In the years following that I got very involved with the Scottish Badgers and my love for badgers increased tenfold. I took part in dozens of sett monitoring sessions and had my camera trap set up left right and centre. One issue is that these all take part in the day – no chance of seeing an actual Scottish badger. Friends that ask me how my volunteering has gone always ask “so did you see a badger today?”. When I try and explain that that was never going to happen, I can see the confusion only increasing. But they’re right – It was getting far too long since I had last seen a badger in-the-flesh. Scottish Badgers, and other organisations, do at times run sett watching sessions but I, frustratingly never managed to get out on one. Back at my family home in Northumberland, I had found a sett in some fields nearby. For quite a few nights I did sit out on a slope overlooking the holes and, on occasion, managed to catch a glimpse of a badger scurrying from one entrance to another – I knew I could do better.

 

I have recently moved further afield than Glasgow, moving up into the Highlands to live a life in fabulous rural employment. And what is near my new home is a hide, specially set up for watching badgers and nightlife with small spotlights lighting the area in front. How perfect. Me and some of my colleagues visited the hide one night with full thermoses and lots of layers, fully prepared to sit for a long time. And a long time we did sit. After nearly 3 hours of watching absolutely nothing we decided to call it a night. Nothing is maybe a bit harsh, one moth did give us some excitement before it too wandered off. But ultimately, we left disappointed. Not put off we tried again some days later. This time we managed 2 and a half hours before we called it a night. On the plus side, we’d seen two moths this time AND we believe we had seen a very quick flash of a badger. A tail perhaps.

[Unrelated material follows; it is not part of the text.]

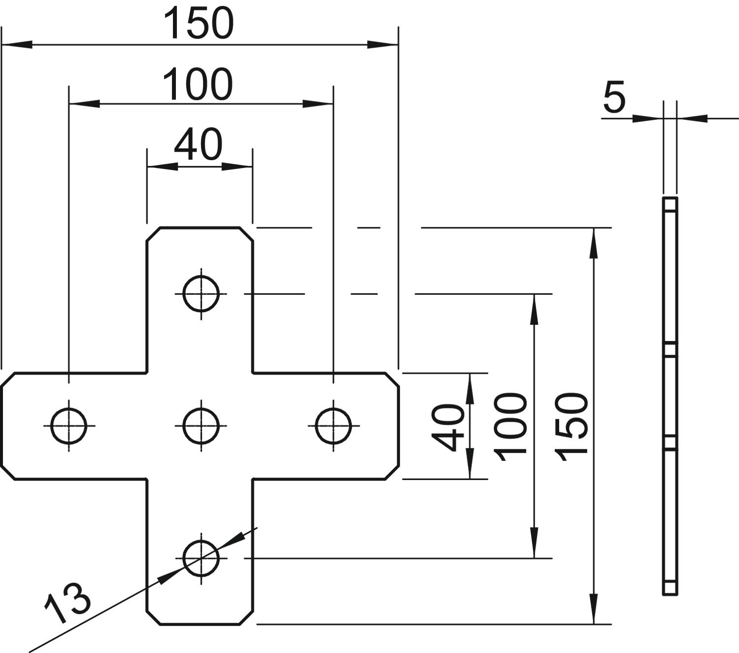 Description du produitEquerres 5 trous pour un raccordement croisé de rails profilés 41 x 41 mm et 41 x 21 mm.

Something to give us more hope anyway.

LHS Scars 2
The male badger with some terrible wounds to face and neck.

 

Our other colleagues, ones who have been here a while, were all astounded that we had not had good sightings yet – it is a very good place to see them, as well as pine martens, and for us to have seen just one quick glimpse was uncommon. With renewed vigour we tried again a few days later. 4 of us determined souls. Within 10 minutes we had a barn owl land in front us and perch for a minute or so. A very good sign of things to come. Thankfully only 30 minutes passed before we got our prize. A badger waltzed in from left, bold as brass. A large, handsome male with some terrific wounds. Obviously he had recently been in the wars with another male badger. Across his face and neck he had deep scars going right through the flesh – he must have been in a lot of pain. He snuffled around for around 20 minutes, uprooting the earth while we all sat with mouths open. Eventually, clearly late for a pre-arranged engagement, he quickly turned and lolloped off stage right. There was silence in the hide. All of us were saving the sight to memory and just enjoying the energy that encompasses you during a fantastic wildlife sighting. What we certainly didn’t expect was a second badger around 10 minutes later. This one, a female, appeared from a broom bush in front of the hide. She sniffed about for a few minutes before deciding this wasn’t her scene and exited the way she had arrived. 2 badgers in one evening was more than I could have hoped for and It truly felt a privilege.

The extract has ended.